Galveston-Area Lawyer, Author of 'The Mongoose' Faces $1M Negligence Suit Over Advice to Executor

(Texas Lawyer) - In a suit filed in Harris County on Friday, a probate court executor also alleges Houston lawyer Frank Holcomb was negligent for failing to draft enforceable postnuptial agreements that affected the value of his client's estate.

What You Need to Know

  • Executor of a woman's estate seeks more than $1 million in the suit filed against Greg Enos of Webster and Frank Holcomb of Houston.
  • He alleged Enos, who writes The Mongoose newsletter about judges, gave him faulty advice on a statute of limitations.
  • He also alleges Holcomb was negligent in preparing postnuptial agreements that were not enforceable.

Webster family law attorney Greg Enos, known in Southeast Texas for authoring The Mongoose newsletter about judges and family law, was hit with a negligence lawsuit alleging he gave bad advice to a probate executor about potential legal malpractice claims against another lawyer.

The executor seeks more than $1 million in damages from the defendants—Enos and Enos Law Firm, and from Houston lawyer Frank H. Holcomb and Frank H. Holcomb P.C.

In a petition filed in state district court in Harris County on Friday, executor Greg Schenck alleged that Enos gave him faulty advice about the statute of limitations for potential legal malpractice claims against Holcomb.

Enos did not immediately return a telephone message left at his office. Holcomb declined to comment on the allegations because he had not read the petition.

As alleged in the petition in Schenck v. Holcomb, Janet King hired Holcomb in 1983 to draft a prenuptial agreement to protect her separate property rights before her marriage to Ed King. Holcomb drafted a postnuptial agreement in May 1984, another in December 1984, and a third in 2001. Also, according to the petition, Holcomb prepared spreadsheets listing each party’s separate property that purported to supplement the 2001 postnuptial agreement.

In 2018, Janet King filed a petition for declaratory judgment to ensure that transfers to her children from a previous marriage were made from her separate property as described in the spreadsheets. Enos represented her in that petition.

Ed King answered and filed a counterclaim seeking a declaration that none of the agreements drafted by Holcomb were enforceable.

On March 1, 2019, Ed King filed a petition for divorce, however he died Aug. 30, 2019, and Janet King died Jan. 29, 2021, before the litigation was resolved, so it was transferred to probate court.
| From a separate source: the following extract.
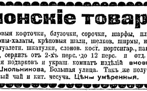 То было «коммерческое» предложение некоего «предъявителя квитанции № 4224» предоставить ему капитал в 10–20 тысяч рублей – взамен на обещание «монопольного права продажи заграничных первоклассных фабрикатов, имеющих в Сибири самое широкое поле сбыта». Публикация этого объявления почти совпала с другой, приглашавшей на «иллюзиомедиумическое представление» в театр Общества по распространению народного образования. Сам выбор площадки для выступления говорил, что артисты не претендуют ни на сцену городского театра, ни на сцену Общественного собрания, и всего вероятнее, что они привезли зауряднейший балаган. Но билеты при этом предлагались весьма и весьма дорогие – до четырёх рублей за место.

Enos represented Schenck, who was executor of Janet King’s estate.

Schenck alleged in the petition that Enos advised him that Ed King’s arguments about the enforceability of the prenuptial agreement drafted by Holcomb had merit, and that Janet King’s estate had a potential legal malpractice claim against Holcomb.

“Moreover, Enos advised Schenck that the statute of limitation on any cause of action against Holcomb based on that legal malpractice was tolled until the divorce litigation was finally resolved,” Schenck alleged in the petition.

He alleges that he did not revisit the potential malpractice claims until after the divorce and probate litigation was resolved, and he was informed for the first time in March 2021 that the statute of limitations was in fact not tolled, and it had already expired.

In bringing the negligence cause of action against Holcomb, the executor alleged that the lawyer failed to draft agreements that were enforceable, costing Janet King’s estate about $2 million when separate and community claims were settled.

As to the negligence claim against Enos, Schenck claims that Enos and his firm failed to give him accurate or timely advice on the statute of limitations, and Janet King’s estate suffered damages.

Plaintiff’s attorney Brett Wagner, of Doherty Wagner in Houston, did not immediately return a telephone message seeking comment.

According to Enos Law Firm’s website, Enos writes The Mongoose newsletter for lawyers and judges in the Houston and Galveston areas, and it “points out ways judges are not following the law or acting ethically,” and includes news for family law attorneys. According to an online archive, the most recent The Mongoose was posted in November 2020.